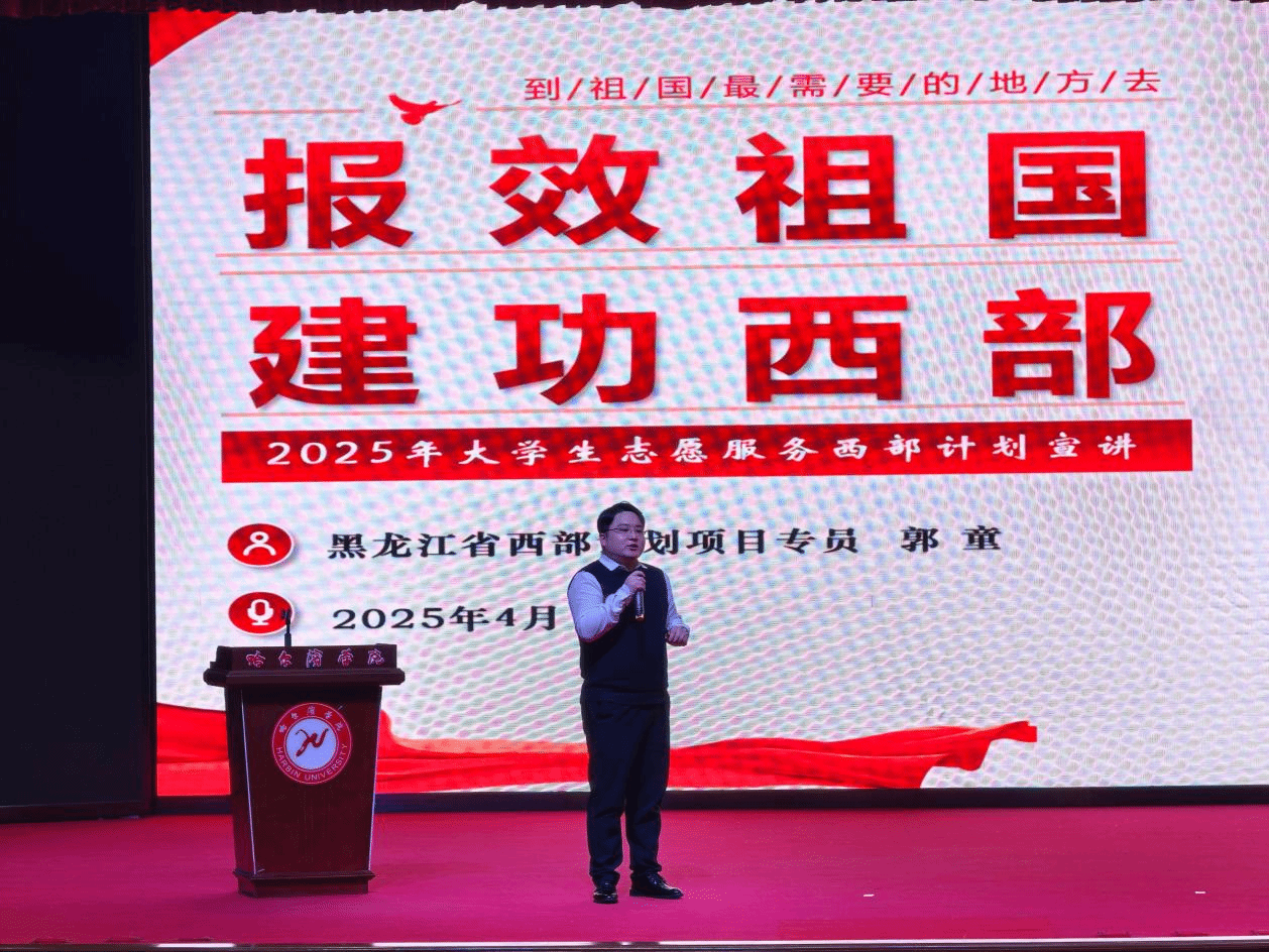 团黑龙江省委西部计划项目办西部计划项目专员郭童从“项目介绍”“选拔招募”“政策保障”“服务派遣”四大板块,专题讲解2025年西部计划实施方案。围绕同学们关注的政策保障,从服务期间和服务期满两个阶段,详细讲解各项保障政策,既指出服务期内生活补贴、交通补贴等多方面的支持,又详解服务期满后在升学、就业等方面的优惠政策,帮助同学们全面了解西部计划,激发参与热情。
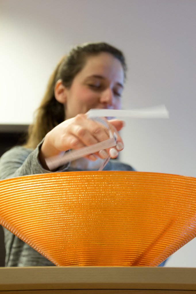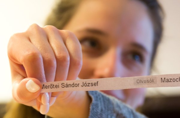 A jelentkezők listáját kinyomtattam, és átballagtam Lilihez, a folyosónk túlsó végén, hogy vállalja a szerencse/balszerencse kezének a szerepét. Vállalta. A sorsolás a felszeletelt névsor cetlijeivel zajlott, a papírcsíkokat szobahőmérsékleten helyeztem a savanyúcukorkás tálba, Lili pedig becsukta a szemét. Íme a technológiát demonstráló kép:
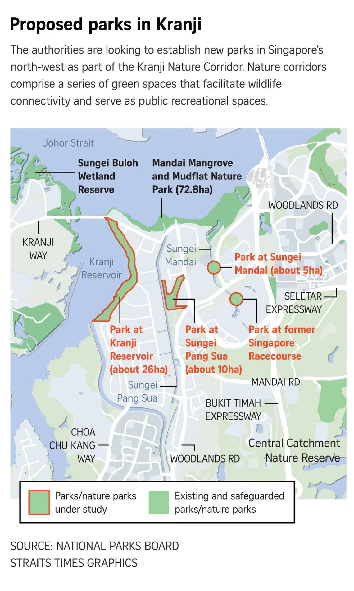 As for the parks under study as part of the Kranji Nature Corridor, all four will be near existing water bodies in the area and complement the upcoming 72.8ha Mandai Mangrove and Mudflat Nature Park, which is set to open in 2028

----------------

> **YOUR TASK**: When you retype the data above, match every line exactly and leave the pictures behind.

> **SOLUTION TO THIS EXERCISE**:
 团黑龙江省委西部计划项目办西部计划项目专员郭童从“项目介绍”“选拔招募”“政策保障”“服务派遣”四大板块,专题讲解2025年西部计划实施方案。围绕同学们关注的政策保障,从服务期间和服务期满两个阶段,详细讲解各项保障政策,既指出服务期内生活补贴、交通补贴等多方面的支持,又详解服务期满后在升学、就业等方面的优惠政策,帮助同学们全面了解西部计划,激发参与热情。
 A jelentkezők listáját kinyomtattam, és átballagtam Lilihez, a folyosónk túlsó végén, hogy vállalja a szerencse/balszerencse kezének a szerepét. Vállalta. A sorsolás a felszeletelt névsor cetlijeivel zajlott, a papírcsíkokat szobahőmérsékleten helyeztem a savanyúcukorkás tálba, Lili pedig becsukta a szemét. Íme a technológiát demonstráló kép:
 As for the parks under study as part of the Kranji Nature Corridor, all four will be near existing water bodies in the area and complement the upcoming 72.8ha Mandai Mangrove and Mudflat Nature Park, which is set to open in 2028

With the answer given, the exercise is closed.